***** Provided material *****

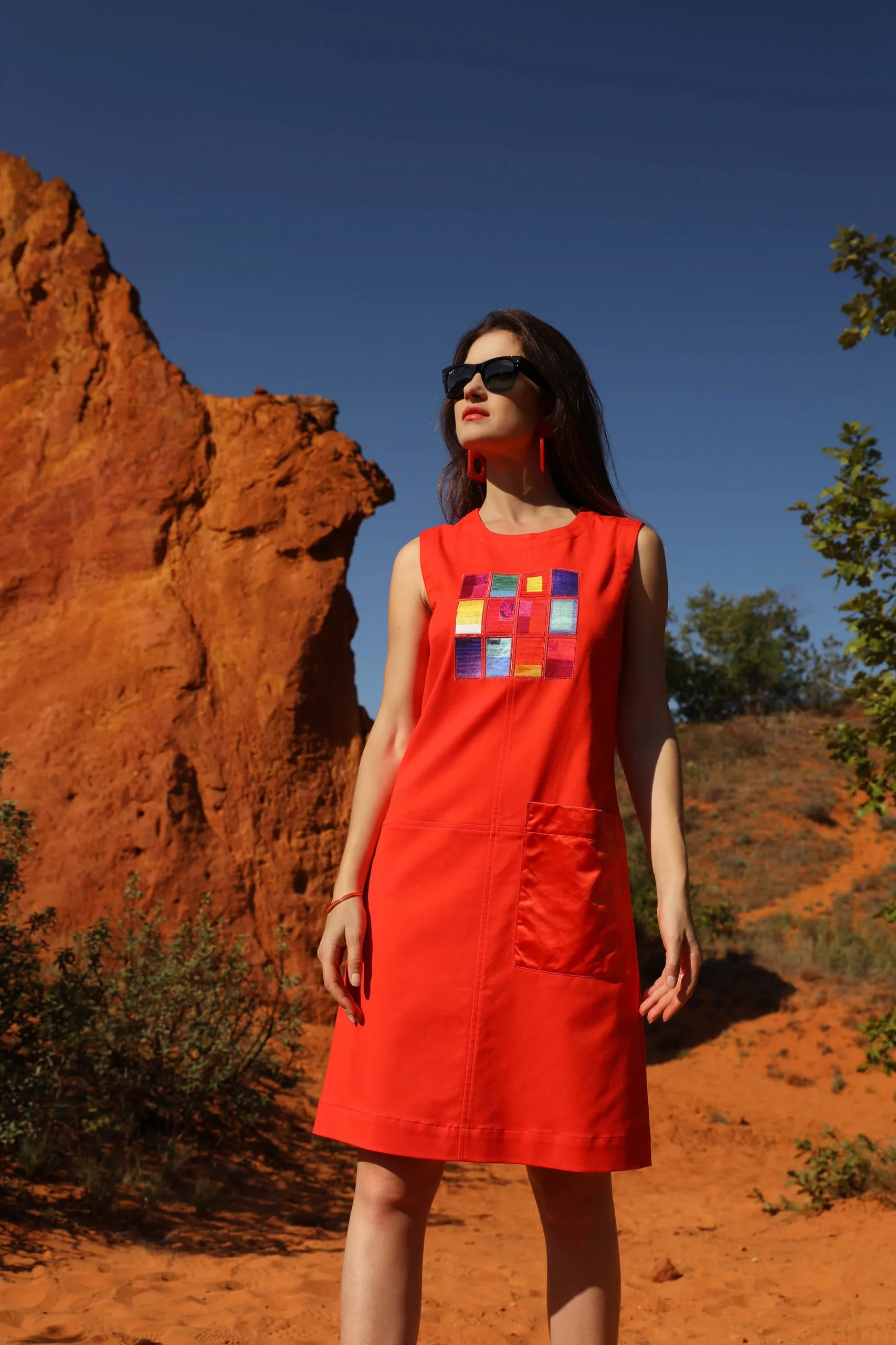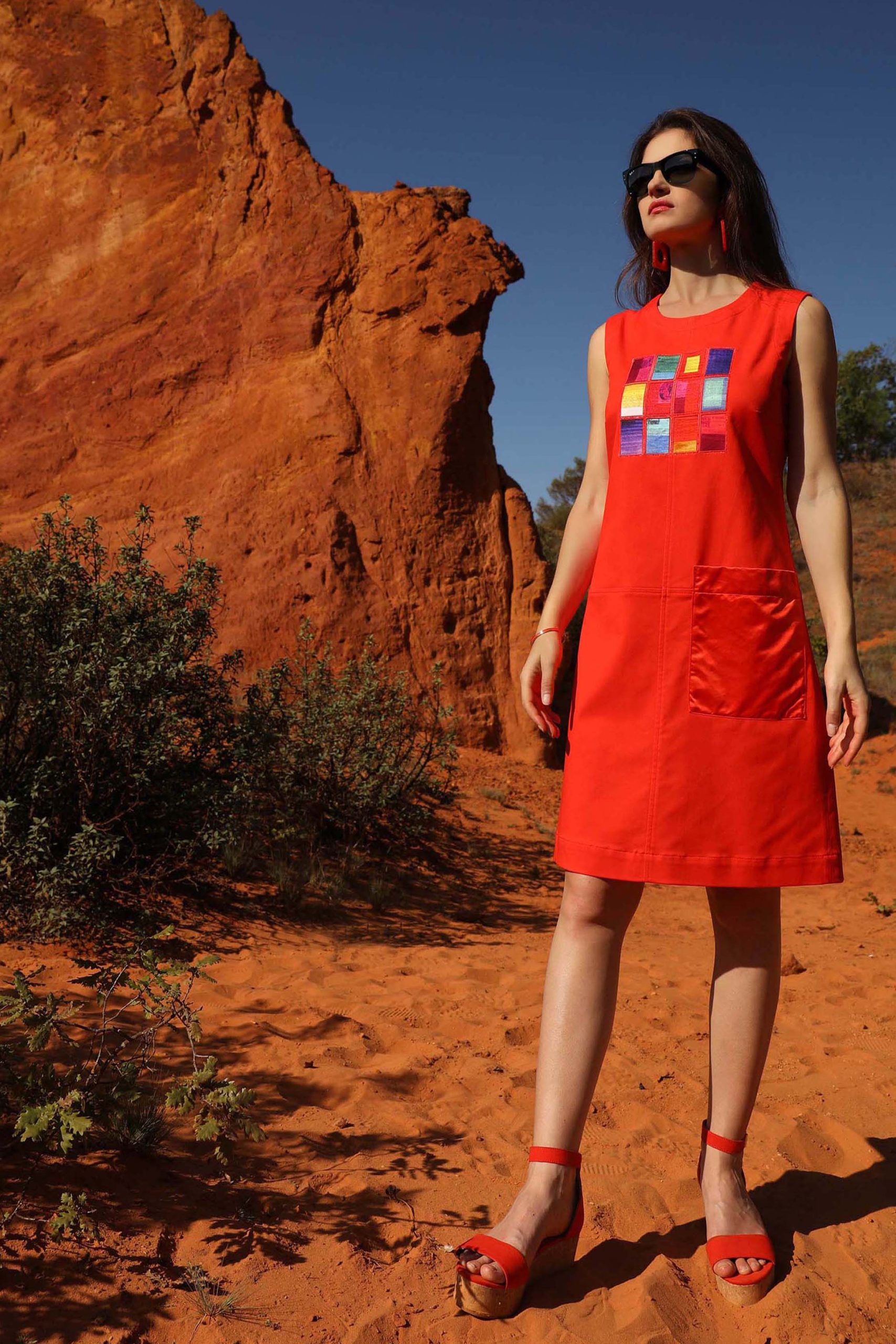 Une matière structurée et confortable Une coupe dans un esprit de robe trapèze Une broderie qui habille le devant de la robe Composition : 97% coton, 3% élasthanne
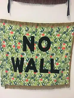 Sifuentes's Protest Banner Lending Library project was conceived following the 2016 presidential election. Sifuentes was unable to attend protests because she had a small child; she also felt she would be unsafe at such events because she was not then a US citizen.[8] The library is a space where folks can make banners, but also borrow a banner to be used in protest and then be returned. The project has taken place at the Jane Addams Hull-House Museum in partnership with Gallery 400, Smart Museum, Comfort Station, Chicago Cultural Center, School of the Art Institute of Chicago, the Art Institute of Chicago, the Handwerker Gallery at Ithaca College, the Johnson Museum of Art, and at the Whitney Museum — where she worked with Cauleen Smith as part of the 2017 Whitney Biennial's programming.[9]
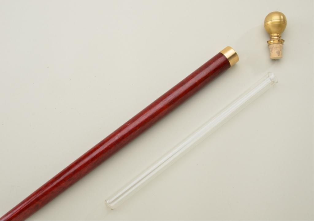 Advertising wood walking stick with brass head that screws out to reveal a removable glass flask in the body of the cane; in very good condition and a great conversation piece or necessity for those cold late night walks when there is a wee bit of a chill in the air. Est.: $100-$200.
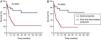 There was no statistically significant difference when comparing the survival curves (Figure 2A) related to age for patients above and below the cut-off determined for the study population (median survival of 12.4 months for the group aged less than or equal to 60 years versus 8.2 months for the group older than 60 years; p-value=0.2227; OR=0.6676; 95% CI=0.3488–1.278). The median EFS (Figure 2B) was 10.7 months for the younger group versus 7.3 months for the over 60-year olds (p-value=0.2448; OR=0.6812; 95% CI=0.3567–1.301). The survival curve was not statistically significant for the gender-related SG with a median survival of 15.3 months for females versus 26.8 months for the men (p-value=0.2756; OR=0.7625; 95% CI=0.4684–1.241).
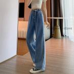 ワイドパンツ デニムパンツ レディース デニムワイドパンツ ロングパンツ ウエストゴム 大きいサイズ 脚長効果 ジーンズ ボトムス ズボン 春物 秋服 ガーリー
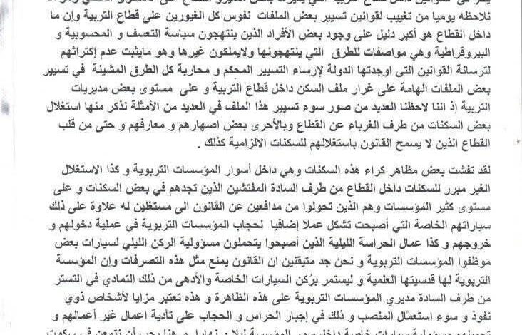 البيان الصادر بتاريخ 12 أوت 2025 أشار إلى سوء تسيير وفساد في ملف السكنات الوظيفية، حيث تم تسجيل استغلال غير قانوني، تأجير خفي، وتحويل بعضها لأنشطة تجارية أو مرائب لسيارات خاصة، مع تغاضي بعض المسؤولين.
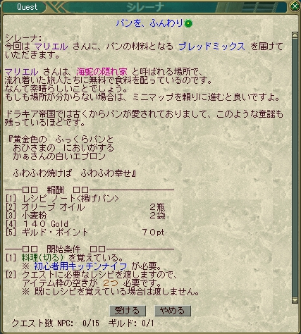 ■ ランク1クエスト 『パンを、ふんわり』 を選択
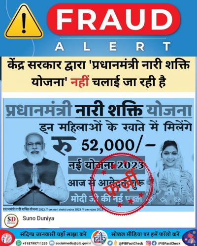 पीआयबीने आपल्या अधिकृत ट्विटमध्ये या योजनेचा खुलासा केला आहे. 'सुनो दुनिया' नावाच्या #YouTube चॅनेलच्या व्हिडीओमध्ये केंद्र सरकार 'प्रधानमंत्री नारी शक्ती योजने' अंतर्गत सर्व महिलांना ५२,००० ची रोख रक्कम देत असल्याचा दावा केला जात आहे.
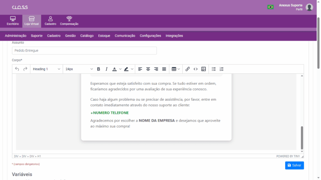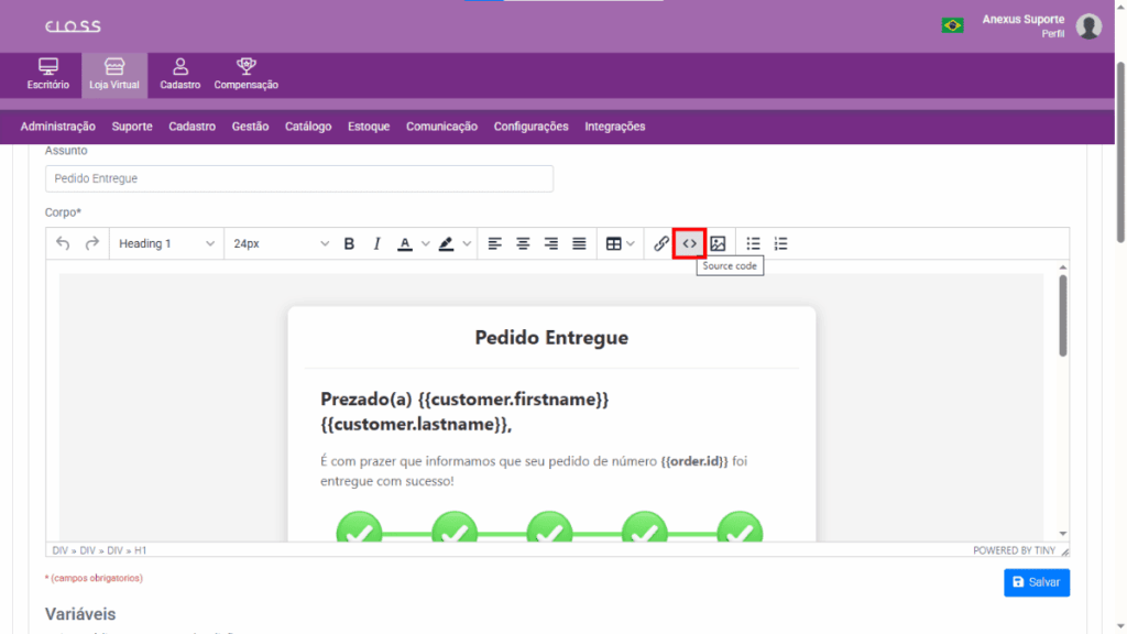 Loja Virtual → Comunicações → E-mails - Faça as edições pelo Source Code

*****
***** Provided material *****

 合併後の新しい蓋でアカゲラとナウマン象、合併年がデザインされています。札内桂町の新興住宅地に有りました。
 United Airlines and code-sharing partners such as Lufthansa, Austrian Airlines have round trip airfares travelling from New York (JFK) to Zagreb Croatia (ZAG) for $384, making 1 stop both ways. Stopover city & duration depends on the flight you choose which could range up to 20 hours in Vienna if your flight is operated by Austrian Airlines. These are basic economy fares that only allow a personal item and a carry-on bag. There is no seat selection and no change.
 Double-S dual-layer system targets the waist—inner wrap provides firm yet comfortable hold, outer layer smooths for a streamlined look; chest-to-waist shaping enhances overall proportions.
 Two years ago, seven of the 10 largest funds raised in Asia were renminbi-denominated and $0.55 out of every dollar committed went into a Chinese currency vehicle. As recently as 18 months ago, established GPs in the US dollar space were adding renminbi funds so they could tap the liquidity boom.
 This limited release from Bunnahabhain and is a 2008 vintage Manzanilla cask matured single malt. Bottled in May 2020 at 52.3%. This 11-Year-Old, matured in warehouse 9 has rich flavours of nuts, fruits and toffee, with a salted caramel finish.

*****
***** Provided material *****

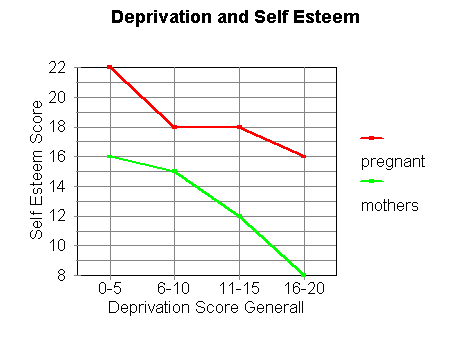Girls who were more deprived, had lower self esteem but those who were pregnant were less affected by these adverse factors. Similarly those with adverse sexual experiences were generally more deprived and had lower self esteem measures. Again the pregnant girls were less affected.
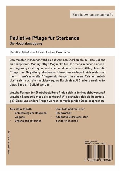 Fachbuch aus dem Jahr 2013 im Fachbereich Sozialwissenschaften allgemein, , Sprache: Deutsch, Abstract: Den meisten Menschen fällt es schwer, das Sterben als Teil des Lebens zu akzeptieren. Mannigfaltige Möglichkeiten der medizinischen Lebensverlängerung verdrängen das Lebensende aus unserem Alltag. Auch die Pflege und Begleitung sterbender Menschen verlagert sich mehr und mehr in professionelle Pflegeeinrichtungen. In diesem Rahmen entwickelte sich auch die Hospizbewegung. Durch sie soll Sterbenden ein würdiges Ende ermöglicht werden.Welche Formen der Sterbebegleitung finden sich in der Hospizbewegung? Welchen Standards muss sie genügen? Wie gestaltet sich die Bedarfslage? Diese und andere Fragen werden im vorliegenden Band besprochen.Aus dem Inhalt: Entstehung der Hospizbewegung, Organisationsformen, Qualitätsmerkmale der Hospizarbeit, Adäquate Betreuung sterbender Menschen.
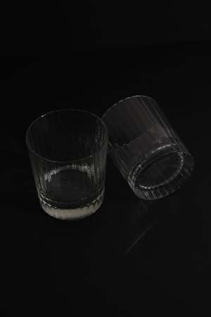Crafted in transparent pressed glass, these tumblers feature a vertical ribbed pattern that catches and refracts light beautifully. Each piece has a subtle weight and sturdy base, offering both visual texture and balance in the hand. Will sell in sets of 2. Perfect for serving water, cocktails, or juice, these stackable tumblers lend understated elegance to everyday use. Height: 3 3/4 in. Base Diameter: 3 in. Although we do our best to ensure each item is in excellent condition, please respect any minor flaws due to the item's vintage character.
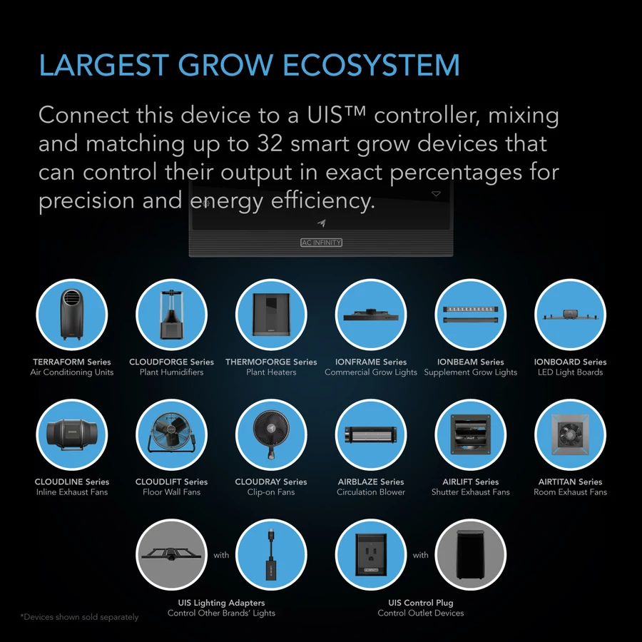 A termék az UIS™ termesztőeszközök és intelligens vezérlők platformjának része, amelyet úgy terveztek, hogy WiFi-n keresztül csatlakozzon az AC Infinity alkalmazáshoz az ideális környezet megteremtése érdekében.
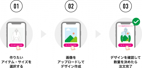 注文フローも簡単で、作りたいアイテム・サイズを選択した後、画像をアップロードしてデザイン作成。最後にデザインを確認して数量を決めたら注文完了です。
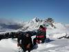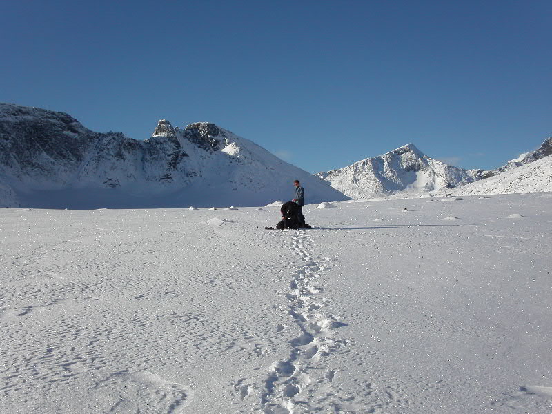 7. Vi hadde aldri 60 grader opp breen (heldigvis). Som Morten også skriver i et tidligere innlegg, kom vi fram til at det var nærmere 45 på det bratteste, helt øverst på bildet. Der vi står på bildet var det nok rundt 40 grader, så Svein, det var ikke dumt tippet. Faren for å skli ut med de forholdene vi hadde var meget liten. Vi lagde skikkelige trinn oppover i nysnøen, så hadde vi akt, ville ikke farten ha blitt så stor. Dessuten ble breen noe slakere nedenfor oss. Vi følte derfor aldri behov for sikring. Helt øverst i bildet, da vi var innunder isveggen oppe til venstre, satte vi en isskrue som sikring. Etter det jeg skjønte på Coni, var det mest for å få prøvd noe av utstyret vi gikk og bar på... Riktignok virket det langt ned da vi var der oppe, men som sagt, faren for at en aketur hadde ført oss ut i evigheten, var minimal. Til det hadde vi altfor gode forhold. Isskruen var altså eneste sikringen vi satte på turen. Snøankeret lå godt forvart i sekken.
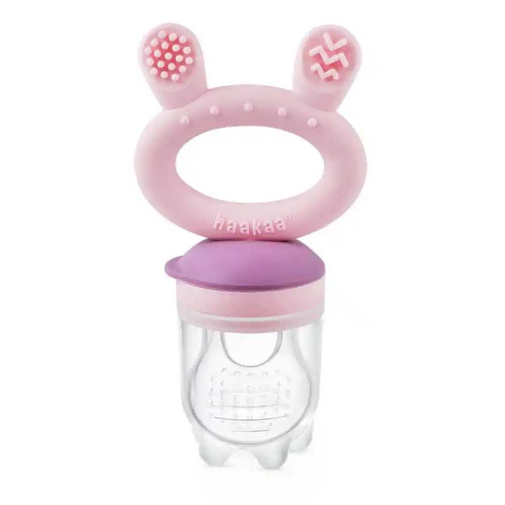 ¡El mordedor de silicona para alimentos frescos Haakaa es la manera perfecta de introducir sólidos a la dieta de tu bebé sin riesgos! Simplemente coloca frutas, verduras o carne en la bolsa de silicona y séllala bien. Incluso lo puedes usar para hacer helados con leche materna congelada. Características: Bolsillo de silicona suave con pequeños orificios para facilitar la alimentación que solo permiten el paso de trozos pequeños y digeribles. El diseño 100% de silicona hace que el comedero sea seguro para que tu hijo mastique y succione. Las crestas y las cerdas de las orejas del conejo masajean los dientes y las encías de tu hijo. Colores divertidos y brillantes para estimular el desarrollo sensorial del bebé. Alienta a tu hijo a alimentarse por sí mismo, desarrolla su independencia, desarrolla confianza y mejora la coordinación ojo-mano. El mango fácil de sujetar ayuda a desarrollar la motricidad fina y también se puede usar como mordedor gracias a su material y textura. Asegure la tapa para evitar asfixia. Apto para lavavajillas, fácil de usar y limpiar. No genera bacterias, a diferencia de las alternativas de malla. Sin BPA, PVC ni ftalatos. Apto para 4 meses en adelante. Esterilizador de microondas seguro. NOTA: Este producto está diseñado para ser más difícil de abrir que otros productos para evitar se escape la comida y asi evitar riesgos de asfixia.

*****

_Work order_
Output only the lines above from the line that holds "पीआयबीने आपल्या अधिकृत" through the line that holds "Loja Virtual →", both ends included, and exclude pictures.

_Answer to this task_
 पीआयबीने आपल्या अधिकृत ट्विटमध्ये या योजनेचा खुलासा केला आहे. 'सुनो दुनिया' नावाच्या #YouTube चॅनेलच्या व्हिडीओमध्ये केंद्र सरकार 'प्रधानमंत्री नारी शक्ती योजने' अंतर्गत सर्व महिलांना ५२,००० ची रोख रक्कम देत असल्याचा दावा केला जात आहे.
 Loja Virtual → Comunicações → E-mails - Faça as edições pelo Source Code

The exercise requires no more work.